UNC-Chapel Hill COMP 790-58 GPGPU



3D Occlusion Inference from Multi-camera Videos

- Acceleration and Comparison

Li Guan


1. Previous Work

We consider the problem of detecting and accounting for the presence of occluders in a 3D scene based on silhouette cues in video streams obtained from multiple, calibrated views. We have shown that static occluders in the interaction space of dynamic objects can be detected and their 3D shape fully recovered from pure dynamic object motion. Occluder information can then be used for online correction and consolidation of dynamic object shape. More details.

We use volumetric representation. So far, the CPU version takes about 1 min. to compute 1 set of 9 cameras frames for a 128 by 128 by 128 volume. Normally for each camera, thousands of video frames have to be processed to achieve the result as shown in the right colume of the above figure. The ultimate goal is to make this process realtime, so acceleration is a must. The advantage of utilizing the Graphics hardware is the volumetric compuation is easy for parallelization, with which we hope to get a great speedup. But the challenges lie in the following areas,
(1) Peak findings along each viewing ray for every voxel, which is computationally intensive and hard for parallelization.
(2) Probability accumulation through camera views and time frames, which requires extra care of the precision we are able to get.

2. Goal

Analysis the CPU version and specify the parts that can benefit from GPU acceleration.
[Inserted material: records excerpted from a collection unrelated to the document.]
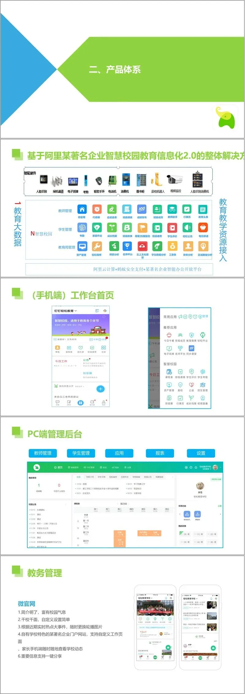 产品体系涵盖教师管理、学生管理、教育局管理、智能硬件与教育大数据五大板块。平台深度融合阿里云计算、蚂蚁安全支付与企业智能办公平台,构建从电子班牌、人脸识别支付、闸机通道,到智能手环、消费机等硬件生态,实现校园全场景数字化覆盖。
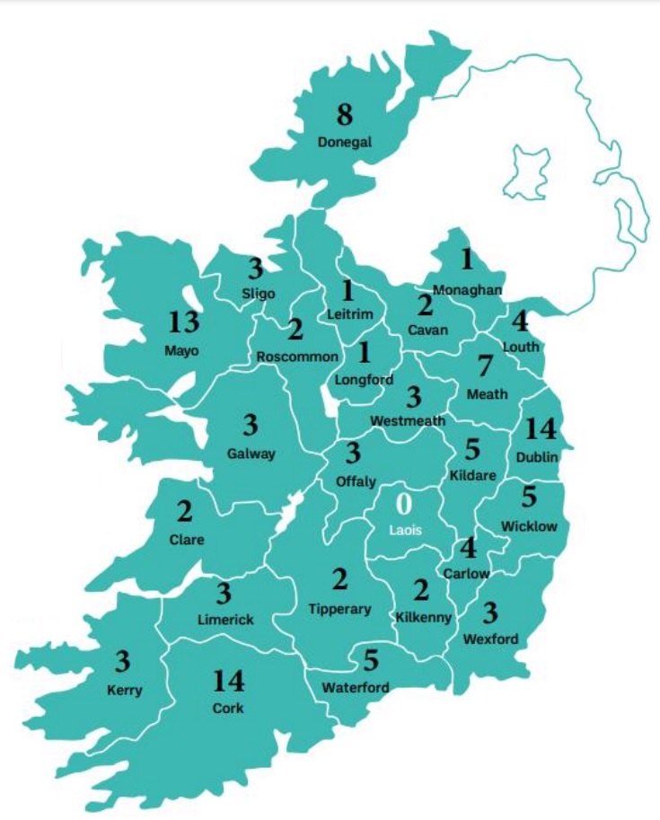 The highest road death rates are in Dublin and Cork with 14 deaths and Mayo with 13, by July 28. Laois had no road deaths.
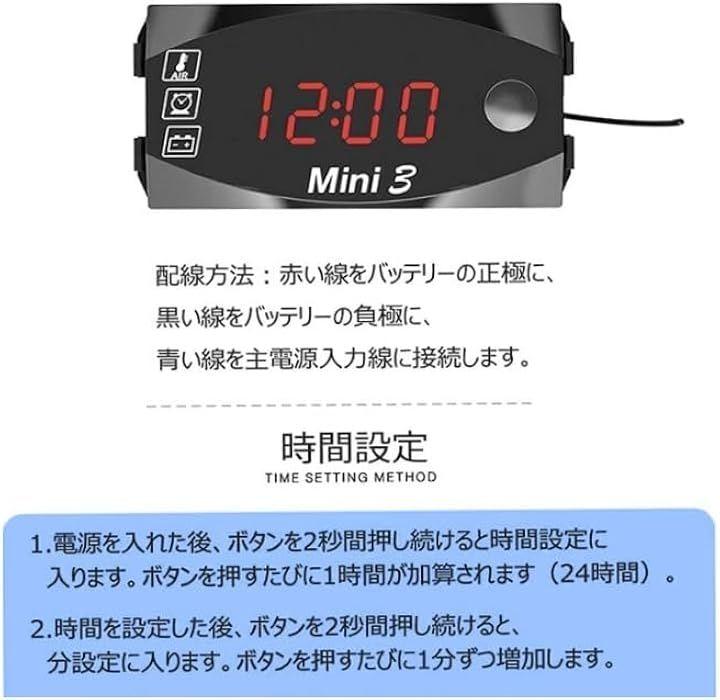このデジタルメーターは温度計、電圧計、時計の3つの機能を1つに集約し、ツーリング中の安全性と快適性をサポートします。
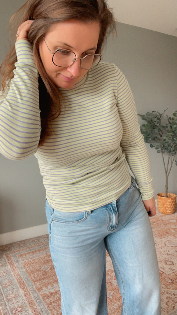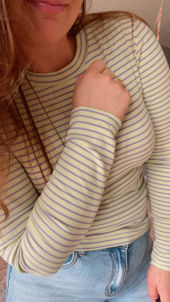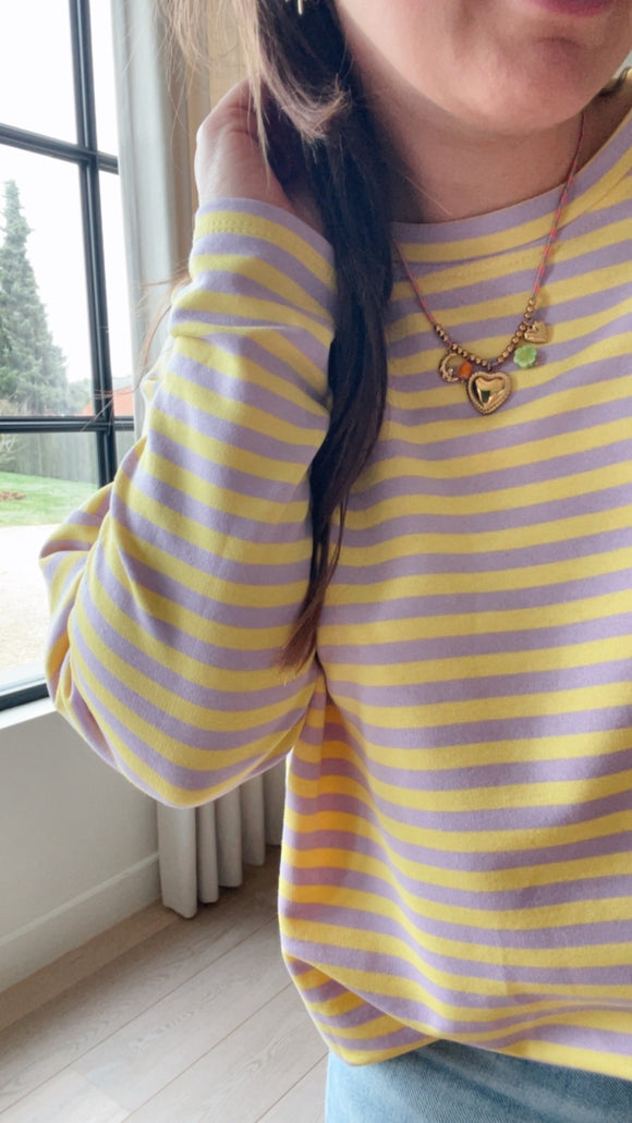 Fannie Stripe longsleeve geel/lila dames
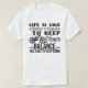 Skjortan har det klassiska ordspråket: "Livet är som att cykla. Om du vill behålla balansen måste du behålla flytta, i fet och snyggt svart text. Det är en ömtålig påminnelse till behållans flytta framåt, oavsett vad livet ger dig.
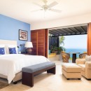 Bedroom 4: Bedroom with king-size bed, A/C, ceiling fan, TV, WiFi, ocean view, access to terrace, and en-suite bathroom with bathtub, shower, vanity and WC. 2 guests maximum
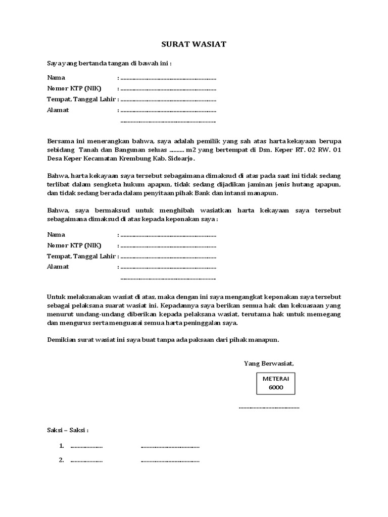 Contoh Surat Wasiat Tanah Untuk Istri Pdf
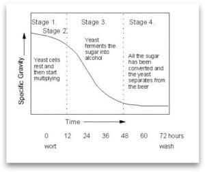 증류소 발효는 네 단계로 이루어지며, 맥즙과 최종 세척액의 비중을 그래프로 나타내면 각 단계를 확인할 수 있습니다. 시간 축척은 이해를 돕기 위한 예시일 뿐입니다.
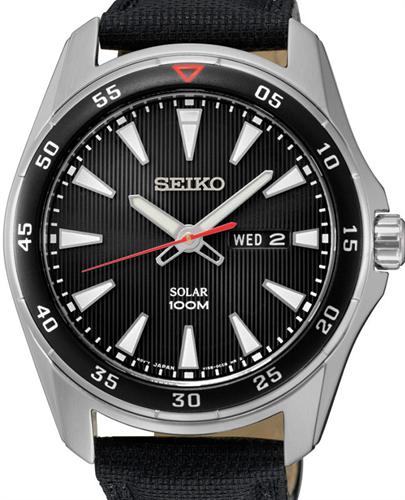 Seiko Solar powered wrist watch model SNE399. 100m Water Resistant. SEIKO Japanese Quartz movement with Day/date calendar. Stainless steel case with black bezel. Black textured dial. Black band
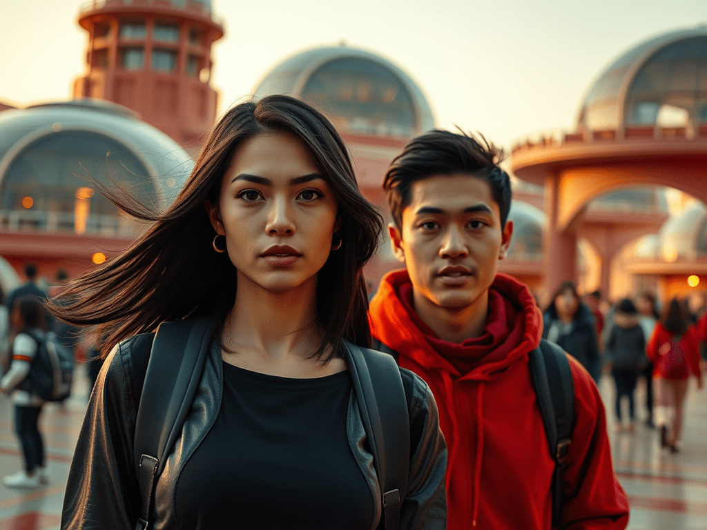 The atrium buzzed with the chaotic energy of orientation day. Beneath the sprawling glass dome of the Intergalactic University, streams of students navigated between mineral-blue walkways and holographic displays. Zara Novak stood off to the side, arms crossed, her gaze flicking across the room like a hawk sizing up its prey. Her restless energy crackled in the space around her, a sharp contrast to the serenity of Mars’ reddish glow filtering through the dome.
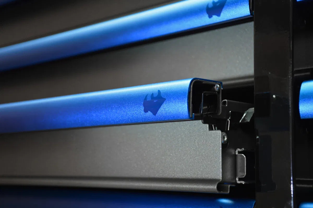 The 3-inch Shallow Drawers are ideal for storing BOXO Tool Control Foams, ensuring your tools are organized. For added security, the Robust Barrel Locking Mechanism with welded lock tabs keeps your contents safe. The toolbox features a Built-to-last Reinforced Double Wall Construction with a double-skin chassis for exceptional durability.
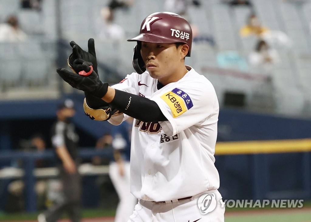 | ▲  In this file photo from May 23, 2021, Song Woo-hyun of the Kiwoom Heroes celebrates a hit against the NC Dinos in the bottom of the fourth inning of a Korea Baseball Organization regular season game at Gocheok Sky Dome in Seoul. (Yonhap) |
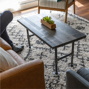 Natural variations and a unique distressed finish from solid end-grain wood, in conjunction with high quality grey industrial-grade malleable iron fittings and steel pipe, makes our RESTORE wood collection feel and look refined, industrial, and rustic all in one. Each piece of handcrafted wood tells a story of an ethically sourced product carefully obtained in North America through responsible forestry efforts that employ low impact logging methods. RESTORE by PIPE DECOR takes pride in providing distinctive, one-of-a-kind pieces that showcase both sophistication and sustainability, providing a product that seamlessly fits into your home. The wire-brushed texture and hand-stained technique offers the appearance of an artfully weathered product that brings out the wood's natural beauty. Natural variations, such as knotting, grain, and color make every piece of wood unique. Our finishing process enhances these existing characteristics - each unique knot becomes a beautiful accent, while the natural wood grain offers organic movement. Pillowed edges accentuate the final version of this artisanal coffee table.
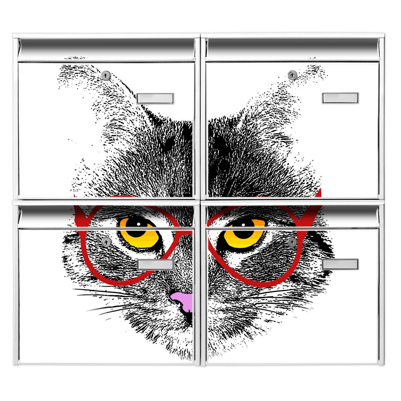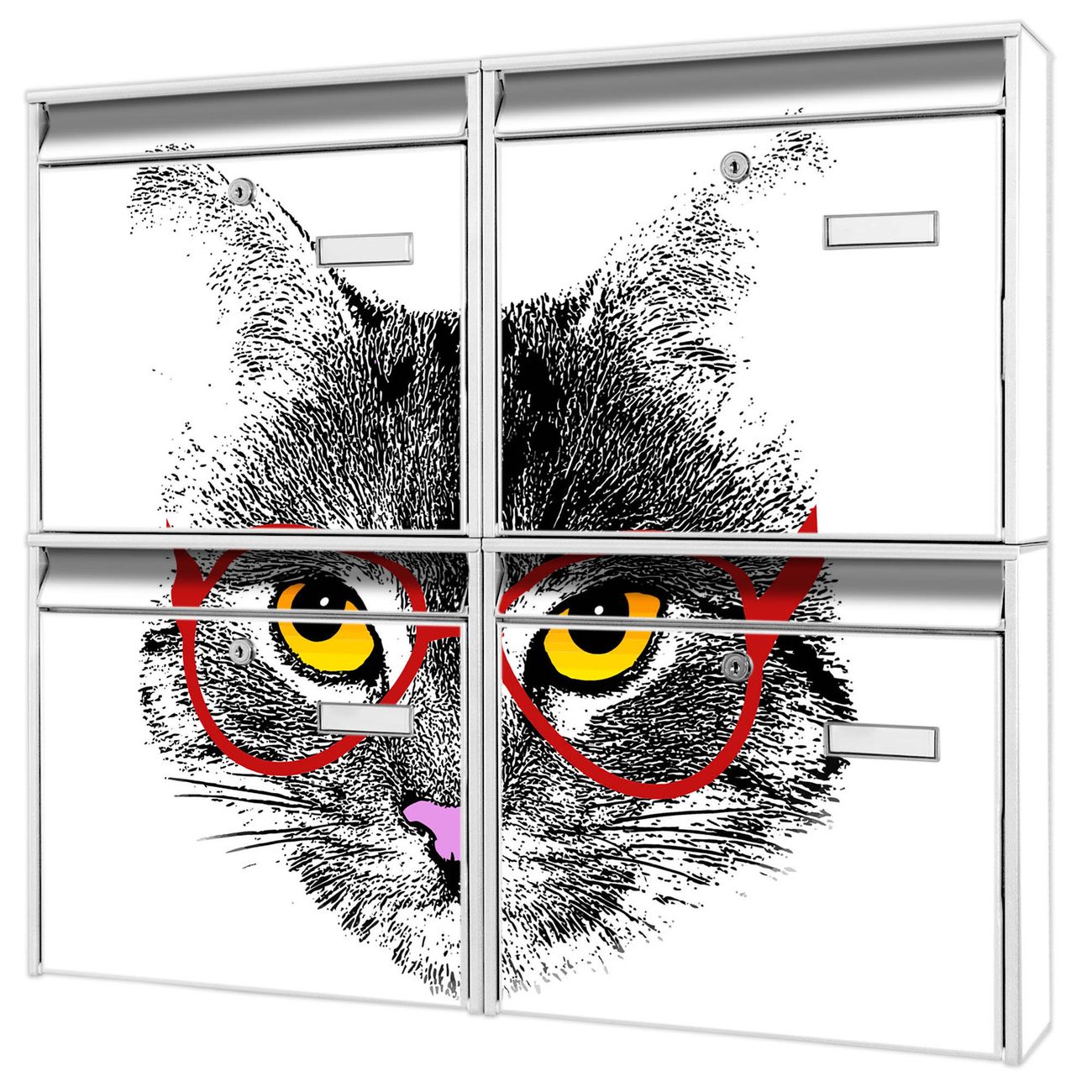 FUNKTION: Die Burg-Wächter Briefkastenanlage mit Motiv Intellicat bietet Ihnen ausreichend Fassungsvermögen um auch A4 und C4 Sendungen zu empfangen. Das integrierte Namensschild lässt sich individuell beschriften. Wählen Sie aus den Grundfarben weiß, silber und schwarz. DESIGN: Die 4 Briefkästen haben ein ansprechendes und zeitloses Design, ohne dabei auf Funktionalität zu verzichten. Das Material ist sehr stabil, wetterfest und rostfrei. Durch das Motiv Intellicat werden die Postkästen zu einem Blickfang. DETAILS: Die Postkästen bestehen aus verzinktem Stahl der zusätzlich mit Klarlack versiegelt wurde. Die Kästen sind gesamt 64,5cm hoch, 72,5cm breit und 10cm tief. Das Motiv besteht aus einer wetter- und UV-festen Folie, die Ihren Briefkasten zusätzlich vor Kratzern schützt. Die Postkästen werden mit Montagematerial, je einem Namensschild und je zwei Schlüsseln geliefert. NUTZEN: Das Briefkastenset eignet sich für die Wandmontage, die Größe bietet genügend Platz für Sendungen aller Art. Das zeitlose Design sowie die stabile Bauart bieten Ihnen einen treuen Begleiter für Ihre Post. BANJADO:

Using GLSL on ATI X1400 for evaluation.

3. CPU Version Analysis

From the above chart we know:
(1) the CPU version is bounded by O(fcN), where f is the number of frames, c is the number of cameras, N is the number of voxels in the grid.
(2) the most time-consuming process is the peak-finding in the Occluder grid computation step, which takes O(3cN) time complexity for every time step. And since we have already used some acceleration approach such as divide-and-conquer to achieve this speed, we need more delicate attention on peak-finding in the GPU version.
(3) most of the computations are on the voxels, which makes GPU parallelization feasible. However, the computation of O grid depends on the completion of F grid computation. This means the program needs to stall waiting for F computation before running the O computation. It is also the case for the peak-finding.
(4) it is unlikely that all temporary volumes can be stored in memory, which means we may need to re-design the data flow for GPU implementation.

4. Data Flow

Foreground Volume Inference:

Foreground Peak Finding:
To be updated...

5. Current Status

Feb 6th Proposal and webpage set up.

End of March, analysis of the CPU version, propose stages that are good for GPU acceleration, and which are not. Main GPU framework set up.

Middle of April, first version.

End of April, testing, evaluation results, and final report.